The special XML document mentioned in step 2 is an XLIFF document. This article will focus on steps 1, 2, and 4.

Converting documents to XLIFF format

I'll now show you a translation process that uses XLIFF files as an intermediary format. Figure 1 illustrates the steps that you will follow.

Converting documents to XLIFF format

Figure 1. Translation process

The process can now be reformulated with more detail as follows:

  1. Text extraction: Separation of translatable text from layout data.
  2. Pre-translation: Addition of existing translation to the XLIFF file generated in the previous step.
  3. Translation: Performed by a professional translator.
  4. Reverse conversion: Generation of a translated document from the translated XLIFF file.
  5. Translation memory improvement: Storage of new translations in a translation memory (TM) database for later reuse.

Text extraction

To aid the translator, translatable text is separated from text layout information. Listing 1 shows the code of a simple HTML page. This page contains two translatable sentences and several tags that are irrelevant for a translator.

<html>
   <head>
      <title>A Title</title>
   </head>
   <body>
      <p>One paragraph</p>
   </body>
 </html>

Listing 1. Simple HTML page

Special programs called filters separate text and layout. Computer Aided Translation (CAT) tools usually have filters for the most common formats: HTML, RTF, XML, and plain text.

Filters store the non-translatable portions in special files called skeletons. All translatable sentences are replaced by special marks in the skeleton. Listing 2 shows a sample skeleton for the text in Listing 1.

<html>
   <head>
      <title>%%%1%%%</title>
   </head>
   <body>
      <p>%%%2%%%</p>
   </body>
</html>

Listing 2. Skeleton file

 

Each text fragment is stored in a translation unit element (<trans-unit>) in an XLIFF file. The mark used in the skeleton can be used as an id attribute for the translation unit to simplify the mapping between the skeleton and the XLIFF file.

The XLIFF format definition as stated in the formal specification is concise, clear, and practical:

XLIFF is an XML application, as such it begins with an XML declaration. After the XML declaration comes the XLIFF document itself, enclosed within the <xliff> element. An XLIFF document is composed of one or more sections, each enclosed within a <file> element. The <file> element consists of a <header> element, which contains metadata about the <file>, and a <body> element, which contains the extracted translatable data from the <file>. The translatable data within <trans-unit> elements is organized into <source> and <target> paired elements.

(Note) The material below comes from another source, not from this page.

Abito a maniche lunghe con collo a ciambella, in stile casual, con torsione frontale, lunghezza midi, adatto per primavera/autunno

These <trans-unit> elements can be grouped recursively in <group> elements.

Listing 3 contains an XLIFF file for the HTML document shown in Listing 1.

<? xml version="1.0" ?>
<xliff version="1.0">
  <file original="sample.html" 
        source-language="en" 
        datatype="HTML Page">
    <header>
      <skl>
        <external-file href="sample.skl"/>
      </skl>
    </header>
    <body>
      <trans-unit id="%%%1%%%">
        <source xml:lang="en">A Title</source>
      </trans-unit>
      <trans-unit id="%%%2%%%">
        <source xml:lang="en">One paragraph</source>
      </trans-unit>
    </body>
  </file>
</xliff>

Listing 3. Sample XLIFF file

 

The complexity of a filter program depends on the format that has to be parsed. HTML and XML are well-documented formats. Filter programs use certain specifications as reference to distinguish between translatable text and formatting information. Word processors usually have proprietary file formats. Fortunately, most word processors can export and import documents in RTF, another well-documented format.

The accompanying source code contains a complete Java-language implementation of a filter for Java properties files (see Resources).

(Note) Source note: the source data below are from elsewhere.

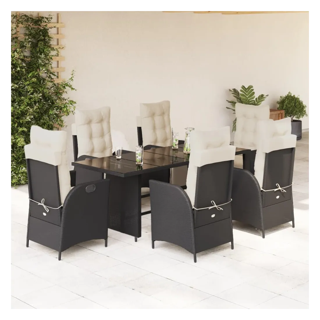 Cet ensemble de salle à manger de jardin est un excellent choix pour les repas en plein air ou pour vous détendre dans le jardin, l'arrière-cour ou le patio. Matériau durable : la résine tressée, également connue sous le nom de poly rotin, est un matériau synthétique solide et nécessitant peu d'entretien qui ressemble au rotin naturel. Il est léger, facile à nettoyer et couramment utilisé pour les meubles d'extérieur en raison de sa durabilité et de ses propriétés de résistance aux intempéries.Dossier et repose-pied réglables : ce siège de jardin est doté d'une poignée. Vous pouvez régler le dossier et le repose-pied dans n'importe quelle position en tirant sur la poignée, et les remettre rapidement dans leur position initiale.Expérience d'assise confortable : ce mobilier d'extérieur, doté de coussins épais, offre une expérience d'assise confortable.Housse amovible et lavable : ces coussins de siège sont dotés de housses amovibles pour un lavage et un entretien faciles. Les coussins de dossier ont un rabat à l'arrière pour une fixation facile aux dossiers.Dessus en verre : le dessus de la table d'extérieur est fabriqué en verre trempé solide et durable, ce qui le rend facile à nettoyer avec un chiffon humide et ajoute une touche d'élégance à votre espace extérieur. Bon à savoir :Pour que vos meubles d'extérieur restent beaux, nous vous recommandons de les protéger avec une housse imperméable.
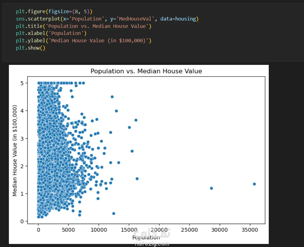- العلاقة بين الدخل المتوسط وسعر المنزل.
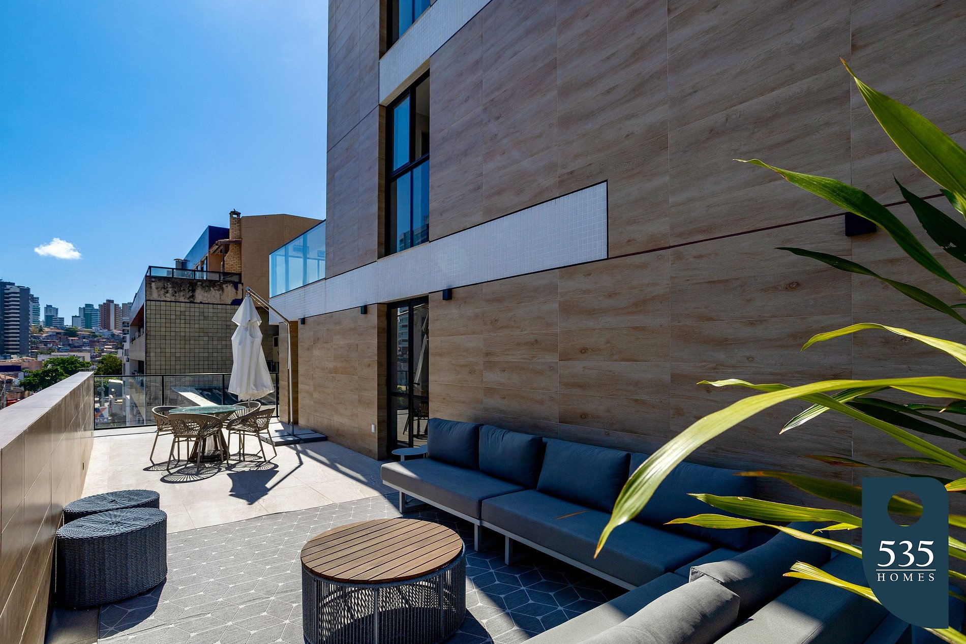 Terraço com chave disponível na recepção.

Dealing with formatting information

Table 1 shows two versions of the same sentence, one in HTML format and the other in RTF.

HTML RTF
This is <b>bold</b> text This is \b bold\b0 text

Table 1. HTML and RTF formatting

 

Both versions contain the same text -- only the formatting codes are different. Markup code should not be translated. A translator who uses an HTML editor and a word processor has to translate twice -- once for each tool. The translator needs to work with a single tool that can show the relevant text, hide markup information, and allow for reuse of translations despite differences in markup.

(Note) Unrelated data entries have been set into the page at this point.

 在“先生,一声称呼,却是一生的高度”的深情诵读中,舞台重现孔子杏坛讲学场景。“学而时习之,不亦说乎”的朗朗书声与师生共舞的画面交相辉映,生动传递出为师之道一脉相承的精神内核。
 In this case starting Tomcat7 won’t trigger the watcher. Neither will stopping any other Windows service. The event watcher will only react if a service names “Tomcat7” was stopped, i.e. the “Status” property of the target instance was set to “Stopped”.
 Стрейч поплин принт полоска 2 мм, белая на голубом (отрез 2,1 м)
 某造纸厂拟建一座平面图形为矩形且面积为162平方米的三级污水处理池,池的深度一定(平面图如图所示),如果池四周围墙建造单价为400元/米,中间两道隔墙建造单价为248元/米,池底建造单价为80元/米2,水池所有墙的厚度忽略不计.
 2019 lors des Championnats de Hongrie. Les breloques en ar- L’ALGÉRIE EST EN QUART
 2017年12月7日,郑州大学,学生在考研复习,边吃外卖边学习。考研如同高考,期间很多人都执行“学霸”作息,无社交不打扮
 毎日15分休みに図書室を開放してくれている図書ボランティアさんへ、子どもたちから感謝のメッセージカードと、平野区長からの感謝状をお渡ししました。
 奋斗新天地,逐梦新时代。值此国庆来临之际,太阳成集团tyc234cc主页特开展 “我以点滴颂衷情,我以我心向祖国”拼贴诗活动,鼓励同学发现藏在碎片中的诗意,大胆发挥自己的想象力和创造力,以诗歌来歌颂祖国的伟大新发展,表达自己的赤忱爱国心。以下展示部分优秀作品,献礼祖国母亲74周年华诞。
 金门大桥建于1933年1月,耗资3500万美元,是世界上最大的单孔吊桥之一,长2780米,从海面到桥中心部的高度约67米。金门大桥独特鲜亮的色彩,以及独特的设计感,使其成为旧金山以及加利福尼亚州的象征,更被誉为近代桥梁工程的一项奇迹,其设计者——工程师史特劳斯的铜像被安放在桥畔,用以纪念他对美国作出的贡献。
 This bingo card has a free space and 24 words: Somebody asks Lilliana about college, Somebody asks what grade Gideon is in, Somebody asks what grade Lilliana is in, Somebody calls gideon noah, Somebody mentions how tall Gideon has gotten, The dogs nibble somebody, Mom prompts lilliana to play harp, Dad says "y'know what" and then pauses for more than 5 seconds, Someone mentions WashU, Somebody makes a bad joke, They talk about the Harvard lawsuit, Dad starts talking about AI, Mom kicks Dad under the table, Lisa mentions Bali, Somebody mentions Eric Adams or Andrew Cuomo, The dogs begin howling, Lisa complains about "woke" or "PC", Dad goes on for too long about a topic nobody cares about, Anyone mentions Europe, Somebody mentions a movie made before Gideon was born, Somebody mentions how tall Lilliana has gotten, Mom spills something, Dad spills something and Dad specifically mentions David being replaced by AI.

Text layout information is stored in special elements called inline elements that the XLIFF standard defines for that purpose. Listing 4 shows the markup of the examples in Table 1 enclosed in the appropriate inline elements.

1: <source>This is 
     <bpt id="1" ctype="bold">&lt;b&gt;</bpt>
     bold
     <ept id="1">&lt;/b&gt;</ept>
     text
   </source>

2: <source>
     This is 
     <bpt id="1" ctype="bold">\b</bpt>
     bold
     <ept id="1">\b0</ept> 
     text
   </source>

Listing 4. Markup of Table 1 examples with inline elements

Notice that the elements used to wrap markup are identical; only their content varies. This allows a CAT tool to search for translations in its TM database using the information provided in the attributes. For example, if the database contains a translation for the HTML version, it can be used with the RTF version by automatically adjusting the content of the <bpt> and <ept> elements.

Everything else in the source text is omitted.